Britta at QUOIA

Sep 6, 20203 min

Sound

Updated: Aug 13, 2023

Your house is noisy, I guarantee it. You yell (to reach their ears), you smash dishes (just putting them away), you stomp your feet (especially if you are upstairs), there are machines running, notifications going off, the dog is barking, you let the TV blare in the background, there is chaotic noise everywhere and you have no idea. The sound in your home increases over time just by virtue of living life. I would like you to consider, however, that the sounds in our homes are an expression of the chaos and pace of our lives. And it is absolutely overwhelming and stress-inducing for your child, I guarantee it.

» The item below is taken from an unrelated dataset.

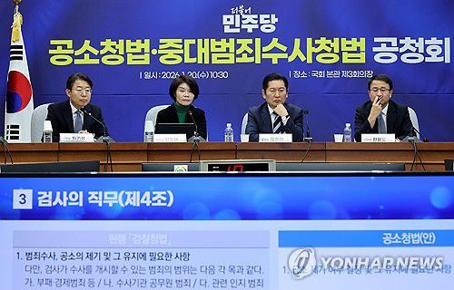 더불어민주당, 중수청·공소청법 공청회(서울=연합뉴스) 이동해 기자 = 20일 서울 여의도 국회에서 공소청법·중대범죄수사청법 공청회가 열리고 있다. 이날 공청회에서는 정부안에 담긴 중수청 인력의 이원화 구조(수사사법관·전문수사관), 수사 범위와 공소청의 3단 구조 등을 놓고 집중적인 논의가 이뤄진다. 2026.1.20 eastsea@yna.co.kr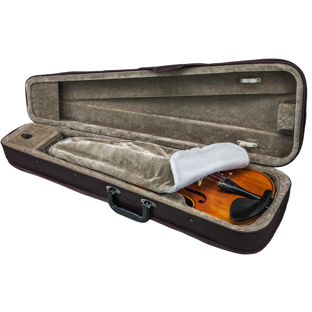 A student-grade violin outfit featuring a lightweight triangular carrying case (WCS). It is designed to provide a reliable instrument and everything needed for a student's first music lessons. Offers a clear and resonant tone.

Most important is the sound of our voice. Children are attuned to our voice more than any other sound their lives. Their brains and bodies, in conjunction with ours, have been fine-tuning this connection since our very first moment of contact. Every hug, moment of laughter, every meal, every instruction...all re-entrenches the brain-to-brain connections we have. The slightest lilt or inflection in our voice sets the child's emotional affect and behavioral style for the interaction. It is amazing how much influence you can have with your voice, so I encourage you to make one basic change. Stop raising it. It doesn't matter if you are yelling because they are in the next room, you are yelling. Every decibel you go up, you will get returned to you in escalated behaviours. I promise. Go to where your child is when you speak to them, and decide the volume you want the conversation to be at. And set that tone. If they are louder, keep focusing on the tone and volume before you ever try to talk about the topic. Make it your goal for the month! I am going to reduce the volume of our family's conversations by half this month, it doesn't matter what else we achieve.

I think of sound in two ways; as an output of the family's behaviors and emotions and as a behavioral and emotional instruction to the child's brain. Children sound to us what they hear from us. In most home visits I have done, the first thing I do is a sound audit. It is tricky, mostly in getting parents to re-hear their lives as the tone they are setting for their child's mind and body. I once walked a Dad through his home with a blindfold on and he said his house sounded like the warehouse he worked in. (No wonder he had no rest and relaxation at home). In a sound audit, we get control over the noise, re-set the tone in the home with our own sounds and music settings and stick to them so they become the signals for our child's routines and transitions.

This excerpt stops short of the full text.